Discussion in 'Mac Pro' started by Hdunlopclark, Feb 20, 2012.

  1. Hdunlopclark macrumors member

    Nov 15, 2007
    Hello everyone,

    Well, about 4 years ago, I would know all the information that I need to know. I was obsessed with apple, and knew everything about their product line! Then I got to the point where school was pretty important grade wise, so I lost interest. Recently I have been looking at Universities and the computer/software I will be using.

    I need some information, so I thought I would come and ask you wise, lovely people! I used to be on here a lot!

    Okay, I am going to be starting university in september 2013, so I need to start saving now for this mac, as I only have a part time 10 hour a week job, so it will take a while.

    I am going to be using AutoCAD, ArchiCAD, CS5 suite, and a few other programs that are similar to these all for Architecture.

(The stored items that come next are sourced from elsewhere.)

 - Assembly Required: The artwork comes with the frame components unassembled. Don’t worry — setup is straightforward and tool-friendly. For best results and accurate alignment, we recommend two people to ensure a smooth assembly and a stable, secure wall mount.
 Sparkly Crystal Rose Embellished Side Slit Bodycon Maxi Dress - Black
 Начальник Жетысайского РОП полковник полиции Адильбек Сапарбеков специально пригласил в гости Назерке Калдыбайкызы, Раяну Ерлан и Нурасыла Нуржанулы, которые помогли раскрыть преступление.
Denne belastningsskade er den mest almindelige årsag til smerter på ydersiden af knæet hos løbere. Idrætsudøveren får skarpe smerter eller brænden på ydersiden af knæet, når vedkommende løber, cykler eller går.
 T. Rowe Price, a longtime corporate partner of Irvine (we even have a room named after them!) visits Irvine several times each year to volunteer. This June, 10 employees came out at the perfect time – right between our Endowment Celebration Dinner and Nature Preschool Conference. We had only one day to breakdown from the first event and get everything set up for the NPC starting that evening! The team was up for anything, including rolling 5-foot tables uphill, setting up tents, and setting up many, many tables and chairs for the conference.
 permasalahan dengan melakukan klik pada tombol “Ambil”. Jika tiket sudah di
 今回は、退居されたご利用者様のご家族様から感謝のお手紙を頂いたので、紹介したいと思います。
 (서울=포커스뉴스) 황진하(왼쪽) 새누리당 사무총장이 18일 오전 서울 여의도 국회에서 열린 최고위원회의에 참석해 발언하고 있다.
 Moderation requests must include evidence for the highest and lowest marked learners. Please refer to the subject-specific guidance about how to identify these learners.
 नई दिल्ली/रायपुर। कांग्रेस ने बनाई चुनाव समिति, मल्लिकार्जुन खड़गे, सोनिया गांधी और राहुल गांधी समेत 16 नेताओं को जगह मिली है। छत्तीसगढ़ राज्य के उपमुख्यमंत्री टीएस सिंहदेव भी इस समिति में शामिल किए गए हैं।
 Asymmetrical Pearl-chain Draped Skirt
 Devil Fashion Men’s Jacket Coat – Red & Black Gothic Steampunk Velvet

    I presume there will be updates between now and then anyway, so what is on the agenda for updates? Any ideas when they are due? I am going to have a budget of about £3000. If I was to get the Mac Pro now, I would be getting the base (Quad) model) and with the 15% student discount the pro will be about £1700, but I presume the line will change, but I will probably stick with the base model. Do you think this will be adequate for what I am looking to use.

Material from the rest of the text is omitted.